*** Opening Given data ***

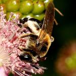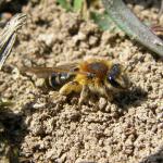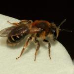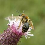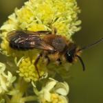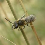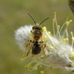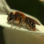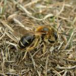 A very smart-looking bee when freshly emerged, with bright foxy hairs on the thorax and a shining black abdomen with thin lines of white hairs on the apices of the segments. The males rapidly become very faded. A good character to separate the females is the form of the hind tibia which is widest at the apex, unlike the rest of the bees with this general appearance. When I first became interested in the aculeates in the 1970s this was a fairly scarce bee, but since then it has become one of the commonest andrenid bees, at least in the southern half of England.
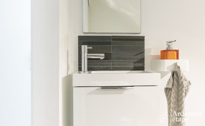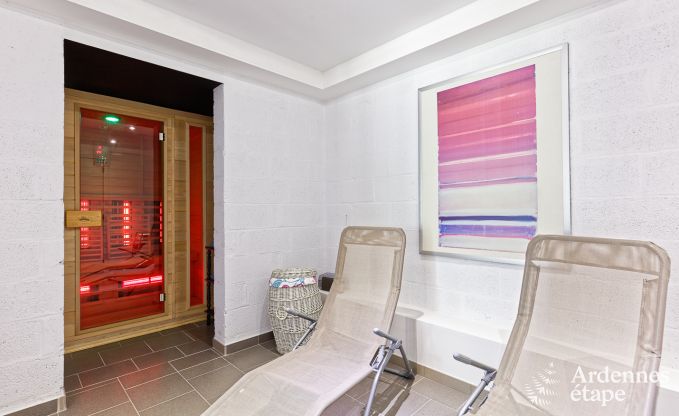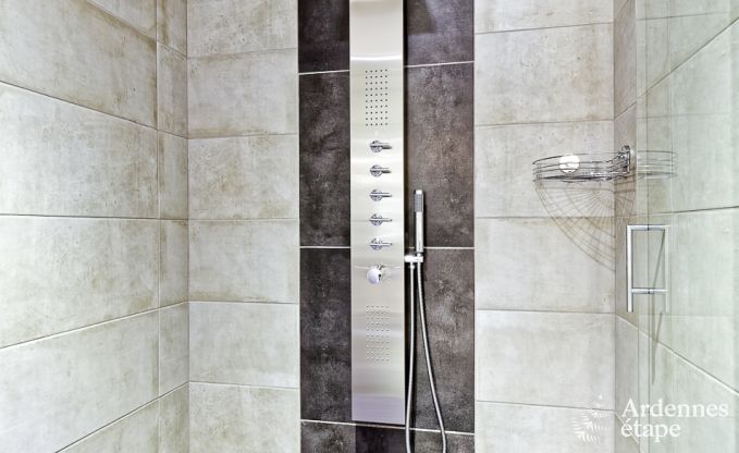 Dem außerordentlichen Charme dieses Anwesens auf den Anhöhen von Coo möchte man sich nicht entziehen. Im großen privaten Garten und auf der schönen Terrasse mit Grill können Sie die malerische Umgebung nach Herzenslust auf sich wirken lassen. Das Haus bietet unterschiedliche Bereiche, in denen für jeden Geschmack etwas dabei ist. Im Untergeschoss erwartet Sie ein Hobbyraum mit Bar und Billardtisch. Gleich nebenan gelangen Sie in den Wellnessbereich mit Infrarotsauna und Liegestühlen. Für den Komfort aller Gäste sind 3 der 4 Schlafzimmer mit einem privaten Badezimmer ausgestattet, und Sie verfügen über eine 4. Dusche im Wellnessbereich. Der Wohnbereich ist überaus einladend und reizvoll dekoriert und lässt durch die großen Glastüren viel Tageslicht hinein. Machen Sie es sich auf den gemütlichen Sofas am Kaminofen bequem, und genießen Sie Ihre Mahlzeiten in der geselligen Atmosphäre des Esszimmers. Darüber hinaus verfügen Sie über eine moderne, funktionsorientierte und sehr gut ausgestattete Küche.
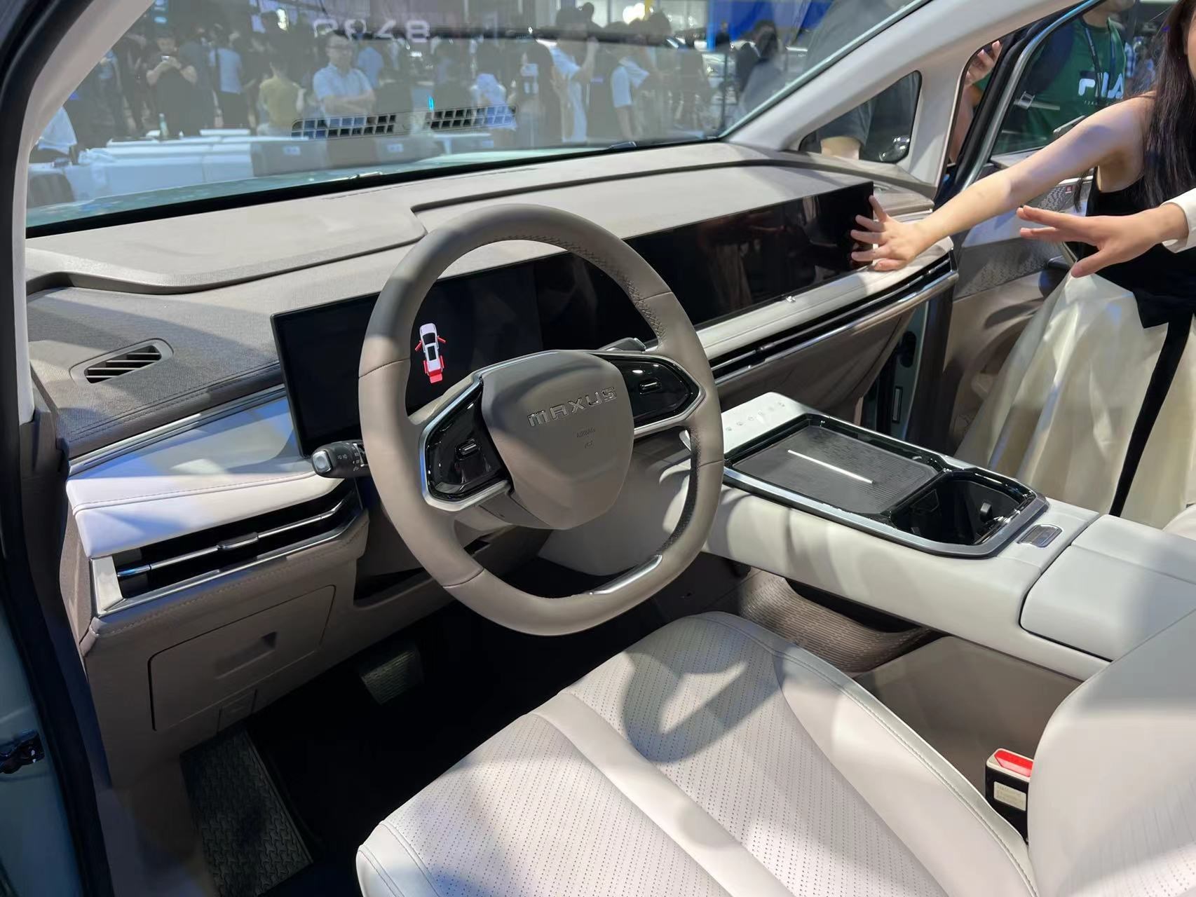 進入車內(nèi),最引人矚目的便是由三塊12.3英寸屏組成的聯(lián)屏系統(tǒng),并內(nèi)置高通驍龍8155芯片斑馬智行系統(tǒng)。主副駕車門上還配備了電子后視鏡(選裝件)的車內(nèi)顯示屏,座艙的科技感濃重。整個內(nèi)飾風格素雅簡約,中控臺和中央通道區(qū)域使用了大面積皮質(zhì)包覆,質(zhì)感豪華。

*** Closing Given data ***

Problem details:
The answer must repeat every line of the listing exactly and leave the pictures out.

Answer to the problem:
 A very smart-looking bee when freshly emerged, with bright foxy hairs on the thorax and a shining black abdomen with thin lines of white hairs on the apices of the segments. The males rapidly become very faded. A good character to separate the females is the form of the hind tibia which is widest at the apex, unlike the rest of the bees with this general appearance. When I first became interested in the aculeates in the 1970s this was a fairly scarce bee, but since then it has become one of the commonest andrenid bees, at least in the southern half of England.
 Dem außerordentlichen Charme dieses Anwesens auf den Anhöhen von Coo möchte man sich nicht entziehen. Im großen privaten Garten und auf der schönen Terrasse mit Grill können Sie die malerische Umgebung nach Herzenslust auf sich wirken lassen. Das Haus bietet unterschiedliche Bereiche, in denen für jeden Geschmack etwas dabei ist. Im Untergeschoss erwartet Sie ein Hobbyraum mit Bar und Billardtisch. Gleich nebenan gelangen Sie in den Wellnessbereich mit Infrarotsauna und Liegestühlen. Für den Komfort aller Gäste sind 3 der 4 Schlafzimmer mit einem privaten Badezimmer ausgestattet, und Sie verfügen über eine 4. Dusche im Wellnessbereich. Der Wohnbereich ist überaus einladend und reizvoll dekoriert und lässt durch die großen Glastüren viel Tageslicht hinein. Machen Sie es sich auf den gemütlichen Sofas am Kaminofen bequem, und genießen Sie Ihre Mahlzeiten in der geselligen Atmosphäre des Esszimmers. Darüber hinaus verfügen Sie über eine moderne, funktionsorientierte und sehr gut ausgestattete Küche.
 進入車內(nèi),最引人矚目的便是由三塊12.3英寸屏組成的聯(lián)屏系統(tǒng),并內(nèi)置高通驍龍8155芯片斑馬智行系統(tǒng)。主副駕車門上還配備了電子后視鏡(選裝件)的車內(nèi)顯示屏,座艙的科技感濃重。整個內(nèi)飾風格素雅簡約,中控臺和中央通道區(qū)域使用了大面積皮質(zhì)包覆,質(zhì)感豪華。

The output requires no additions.